_Data segment_.
-*-*-
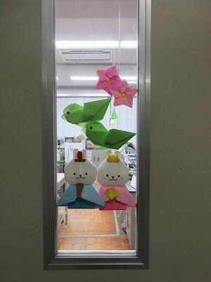 職員室前方の入口に折り紙が貼ってあります。3月3日はひな祭り。近くを通る時に見てください。
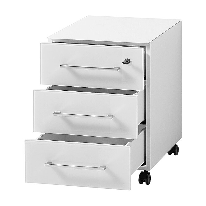 Container mit Rollen zum Unterstellen unter Schreibtische Serie Monteria. Verchromte Relinggriffe aus Metall. Die elegante Glasplatte schließt bündig mit der Schubladenkante. Sicherheitsglas mit hoher Widerstandskraft. Der Container besitzt 3 Schubladen inkl. Selbsteinzug - eine davon abschließbar.
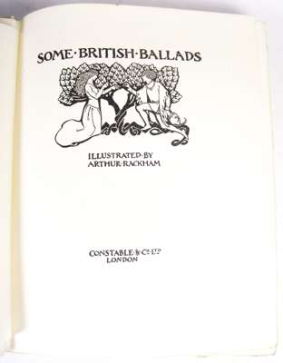 Some British ballads. London: Constable & Co. Ltd., [1919]. 4to, number 523 of 575 copies signed by Arthur Rackham, 16 colour plates by Arthur Rackham, original quarter vellum gilt
-*-*-
_What this task involves_.
Repeat the material exactly as it reads, without any of its pictures.

_Answer below_.
 職員室前方の入口に折り紙が貼ってあります。3月3日はひな祭り。近くを通る時に見てください。
 Container mit Rollen zum Unterstellen unter Schreibtische Serie Monteria. Verchromte Relinggriffe aus Metall. Die elegante Glasplatte schließt bündig mit der Schubladenkante. Sicherheitsglas mit hoher Widerstandskraft. Der Container besitzt 3 Schubladen inkl. Selbsteinzug - eine davon abschließbar.
 Some British ballads. London: Constable & Co. Ltd., [1919]. 4to, number 523 of 575 copies signed by Arthur Rackham, 16 colour plates by Arthur Rackham, original quarter vellum gilt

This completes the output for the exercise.